野球界に「両投げ」ブームが来た! 両投げのメリット解説

   

野球界に「両投げ」ブームが来た! 両投げのメリット解説

両投げに挑戦する価値は十分にある

「両投げ」はもはや、漫画の中の絵空事ではない

「左右両方で投げることができる人」といえば、有名なのが『MAJOR』の主人公・茂野吾郎。

小学生のころは右投げで、故障により左投げにスイッチしました。

 

『ドカベン』に出てきた「わびすけ」こと木下次郎も両投げの投手。

投げる直前まで右で投げるのか左で投げるのかわからない(注:現在ではルール上禁止されている)という荒業を披露し、山田太郎率いる明訓高校を苦しめました。
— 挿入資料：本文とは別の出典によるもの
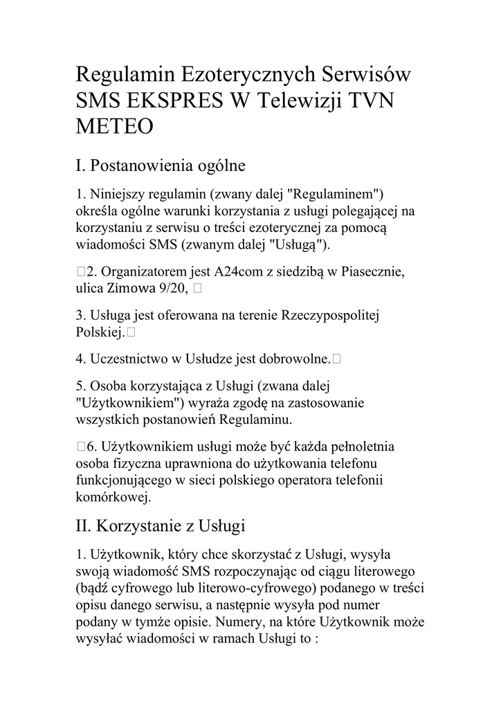 Regulamin Ezoterycznych Serwisów SMS EKSPRES W Telewizji TVN METEO I. Postanowienia ogólne 1. Niniejszy regulamin (zwany dalej "Regulaminem") okreś la ogólne warunki korzystania z usługi polegającej na korzystaniu z serwisu o treś ci ezoterycznej za pomocą wiadomoś ci SMS (zwanym dalej "Usługą"). 2. Organizatorem jest A24com z siedzibą w Piasecznie, ulica Zimowa 9/20, 3. Usługa jest oferowana na terenie Rzeczypospolitej Polskiej. 4. Uczestnictwo w Usłudze jest dobrowolne. 5. Osoba korzystająca z Usługi (zwana dalej "Uż ytkownikiem") wyraż a zgodę na zastosowanie wszystkich postanowień Regulaminu. 6. Uż ytkownikiem usługi moż e być każ da pełnoletnia osoba fizyczna uprawniona do uż ytkowania telefonu funkcjonującego w sieci polskiego operatora telefonii komórkowej. II. Korzystanie z Usługi 1. Uż ytkownik, który chce skorzystać z Usługi, wysyła swoją wiadomoś ć SMS rozpoczynając od ciągu literowego (bądź cyfrowego lub literowo-cyfrowego) podanego w treś ci opisu danego serwisu, a następnie wysyła pod numer podany w tymż e opisie. Numery, na które Użytkownik może wysyłać wiadomości w ramach Usługi to : 92514 (25,00 zl netto/ 30,75 zl brutto) 2. Treś ć SMS nie powinna przekroczyć 159 znaków uwzględniając spacje. 3. W treś ci SMS nie należ y uż ywać polskich znaków diakrytycznych. 4. Po wysłaniu wiadomoś ci SMS na wskazany numer Uż ytkownik zostaje zalogowany na czat o charakterze ezoterycznym. 5. Usługa polega na zadaniu przez Uż ytkownika pytania wróż kom, ktore prowadzą program Spotkanie z Wróżbami na antenie Telewizji TVNMETEO 6. Wróżki prowadzące program niezwłocznie odpowiadaja na pytanie otrzymane poprzez sms z numerów 92514 7. Jeżeli w trakcie trwania programu, z powodów okreslonych przez scenariusz programu, wróżka nie odpowie osobiscie i natychmiast na pytanie zadane poprzez sms z numeru 92514, odpowiedz na takie pytanie zostanie udzielona przez doradcow duchowych, ktorzy w tym samym czasie obslugują zgłoszenia SMS do programu Spotkanie z Wróżbami w TVN METEO 8. W trakcie trwania rozmowy Uż ytkownik pozostaje anonimowy, a jedynym elementem identyfikującym umoż liwiającym korzystanie z Usługi jest numer jego telefonu. Uż ytkownik nie jest zobowiązany do podawania jakichkolwiek swoich danych mogących go zidentyfikować ; podając w trakcie rozmowy jakiekolwiek informacje o w/w charakterze czyni to dobrowolnie i na własną odpowiedzialnoś ć. 9. Uż ytkownik ma prawo w każ dym czasie przerwać korzystanie z Usługi, bądź rozpocząć korzystanie z niej na nowo. 10. Organizator zastrzega sobie prawo do zablokowania dostępu do Usługi Uż ytkownikowi, który narusza postanowienia niniejszego Regulaminu, obowiązujące prawo, ogólnie przyjęte normy moralne lub też z innych istotnych przyczyn. III. Postanowienia końcowe 1. Usługa jest dostępna w sieciach polskich operatorów telefonii komórkowej (Era, Plus GSM, Orange, P4), zarówno w systemie prepaid, jak i postpaid (abonamentowym). Do korzystania z Usługi nie mają zastosowania ulgi dla grup abonentów na opłaty abonamentowe oraz usługi dodatkowe. 2. Organizator dołoż y wszelkich starań w celu zapewnienia prawidłowego działania Usługi. 3. Wysyłając swój SMS Uż ytkownik wyraż a jednocześ nie zgodę na otrzymywanie od Organizatora wiadomoś ci aktywizująco-informacyjnych oraz przetwarzanie jego numeru telefonu (rozumianego jako dana osobowa). 4. Organizator nie ponosi odpowiedzialnoś ci za: a) treś ć wiadomoś ci SMS wysyłanych przez Uż ytkownika w ramach korzystania z Usługi, b) korzystanie z Usługi przez osoby niepełnoletnie oraz osoby nieuprawnione do uż ytkowania telefonu komórkowego, c) szkody spowodowane nieprawidłowym korzystaniem przez Uż ytkownika z Usługi, d) wiadomoś ci SMS, które zostały nadane przez Uż ytkownika w sposób nieprawidłowy, a w szczególnoś ci uniemoż liwiające mu prawidłowe zalogowanie się do wybranego serwisu, e) ewentualny dyskomfort psychicznomoralny, jaki moż e zostać potencjalnie wywołany poprzez treś ci otrzymywane w trakcie rozmowy na czacie, f) za błędy lub przekłamania występujące w trakcie rozmowy, jeś li przyczyną tej sytuacji były błędy lub problemy techniczne leżące po stronie podmiotów trzecich, ze szczególnym uwzględnieniem operatorów telefonii komórkowej, g) korzystanie z Usługi przez Uż ytkowników niezgodnie z postanowieniami niniejszego Regulaminu lub bez zapoznania się z Regulaminem, w tym zwłaszcza wynikające z niewłaś ciwego zrozumienia przez Uż ytkownika charakteru Usługi oraz związanych z tym postanowień regulaminowych, przerwy w ś wiadczeniu Usługi zaistniałe z przyczyn technicznych (np. konserwacja, przegląd, wymiana sprzętu) lub niezależ nych od Organizatora, 5. Informacje otrzymywane przez Uż ytkownika w ramach korzystania z Usługi nie mają charakteru wiąż ących porad, zaś ewentualne stosowanie się do nich jest przez Uż ytkownika dobrowolne. Organizator nie ponosi odpowiedzialnoś ci za sposób, w jaki Uż ytkownik wykorzysta uzyskane informacje lub jakie działania podejmie w rezultacie zapoznania się z nimi. 6. Organizator zastrzega sobie prawo zmiany postanowień Regulaminu w razie zmiany przepisów prawnych lub z innej przyczyny. Regulamin w zmienionej formie obowiązuje od chwili podania do wiadomoś ci Uż ytkowników Usługi. 7. Reklamacje dotyczące Usługi należ y zgłaszać pisemnie pod adresem Zimowa 9/20, 05-500 Piaseczno.

また、ちょっとマイナーどころでは『砂の栄冠』の主人公・七嶋裕之が右投げで150kh/h、左投げでも140km/hを記録しています。

 

・・・とまあ、「両投げ」というのは野球人のひとつのロマンである、くらいに思われていて、

実際にそれをやってみようと思う人はあまりいなかったのではないでしょうか?

 

しかし実際、最近「両投げ」を試みる野球選手というのが確実に増加しています。

 

たとえば、今年の春の神宮大会大学の部でベスト4入りを果たした東海大北海道の武沢龍矢投手(4年=東京成徳大深谷)や、鶴岡東高校の工藤大輔選手、所沢商の増田一樹選手、鳥取城北の寺坂黎哉選手、元大阪桐蔭(現:東邦ガス)の水本弦選手、立教大学の赤塚瑞樹選手、プロ野球では南海・阪神でプレーした近田豊年投手など。wikipediaの「スイッチピッチャー」の項目を見る限り、けっこうな数の投手が両投げに挑戦しています。

 

またメジャーリーガーでは、ダルビッシュ投手が左投げで120~130km/hを記録していますし、

グレッグ・ハリス投手に続いてMLB史上二人目となるスイッチピッチャーのパット・ベンディット投手は、「スイッチピッチャーvsスイッチヒッター対決」でかなり話題になりました。

 

あるいは、両投げとはちょっと違うかもしれませんが、「野球には左利きの方が有利だから」という理由で親や兄弟によって「左利きに矯正」された人もいます。NPB史上三位の本塁打数を記録した元南海の門田博光選手も、後天的な左投げです。

 

・・・というわけで、両投げは漫画のなかだけのモノではありません。

では実際、両投げを使いこなすことのできる投手はどんなメリットを得ることができるのか? を考えてみましょう。

 

①投球の幅が圧倒的に広がる。打者の苦手なほうで投げることができるし、投手としての持ち味を活かすことができる

両投げを使いこなすことができれば、↓こういう状況にうまく対処することができます。

・「右のサイドスロー・アンダースロ―は左打者に弱いことが多い」

・「左のサイドスロー・アンダースロ―は左打者にめっぽう強い」

・「相手の打者が、左投手・右投手のどちらかを極端に苦手にしている場合がある」

 

たとえば、投球練習は右と左の両方でしておいて、

相手が左打者だったら左のサイド・アンダースロー、相手が右打者なら右のサイド・アンダースロ―で投げてやる・・・ということも可能です。

 

有名な話ですが、元日本ハムのソレイタ選手(左打者)は、「左キラー」として名高い元西武の永射保投手(左投げ)を苦手にしていました。永射投手が出てくると、あのいかついソレイタが涙目になっていたとか。あるいは、元大洋・ロッテの平岡一郎投手(左投げ)なども「王キラー」と評されていました。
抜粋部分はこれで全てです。